No quería parecerme al viejo, o hacer lo que él hacía, jamás, en ninguna parte de mi infancia me ocurrió eso. Así que cuando le dije que me enseñe a tocar el violín fue porque quería aprender a tocarlo, es decir, a sacar las músicas que sí, que el viejo era capaz de sacar. Yo estaba envalentonado por lo de la flauta y, secretamente, tímidamente, me guardaba las palabras de la profe de música, me creía alguien con talento. Sabía que le iba a tener que dedicar tiempo, y que con el viejo no se jodía, pero era parte del territorio.

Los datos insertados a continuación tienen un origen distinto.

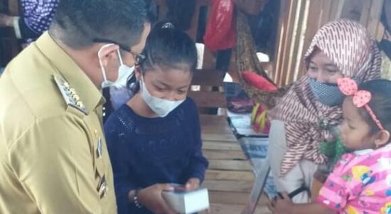 BABEL–Seorang anak penjual gorengan di Kampung Parit 9, Kecamatan Toboali mendapatkan hadiah berupa HP atau smartphone dari Bupati Bangka Selatan, H. Riza

Con “Solfeo de los solfeos” me abollé de frente. Bueno, también a mí se me ocurre que el viejo me iba a dejar tocar el violín a la primera. Todo lo que Sarah me evitó se presentó de golpe, todo. Me tuve que aprender lo teórico de melodía, armonía, ritmo, y toda la grafía del pentagrama de memoria y razonadamente. Luego, solfear. Dios, el día que se repartió paciencia el viejo llegó a la tardecita y le tocó una ampolla, lo que quedó. Parte baja: “así solfean los maricones”, “no, así no, de nuevo”. Pero no me iba a hacer llorar.
Era intimidante, mucho. Agobiante, por demás. Pero yo ya le conocía el carácter, y sabía que no tenía nada contra mí, simplemente era así, más o menos como me había enseñado él mismo cuando me entrenó a asumir las lastimaduras de las esferas; la quieres, la pagas. O sea, quiero dejarte en claro que si seguí no fue por vencerle, o por demostrarle nada al viejo, nada que ver, ni por al lado, yo tenía mi objetivo y a eso iba, simple. Así que cuando por fin me dejó AGARRAR el arco y el violín fue un inigualable “te lo ganaste”.
La sensación de triunfo se acabó a los dos segundos, esa mierda no sonaba. Tan emputante fue la sensación, tan de frustración habrá sido mi cara, que por un minuto el viejo fue amable. Me importó un carajo. Ese coso era el mismo infierno, te juro. Pero no me iba a dejar ganar, que no. Le metí, me aguanté la rabia. El viejo cerró la puerta y me dejó haciendo arco. Yo me decía “sólo son cuatro tiempos, un arco, vamos, de nuevo”. Afuera había ruido, la gente hacía sus cosas, Sarah jugaba. Yo intentaba hacer una redonda y no salía.
Teníamos un reloj despertador, color celeste, con dos campanillas en la parte superior. El viejo lo colocaba sobre un mueble y me dejaba practicando con la frase terrible “una hora”. Todos los días durante una hora yo luchaba contra aquel reloj, intentando colocar el dedo donde debía ser y resultaba que no, tratando de relajar donde había que empujar, empujando donde había que relajar. En ese entonces jamás se lo conté a nadie. Supongo que de algún modo sabía que los resultados contaban más que los intentos, y yo me estaba yendo en puros intentos, que entonces no servían para nada.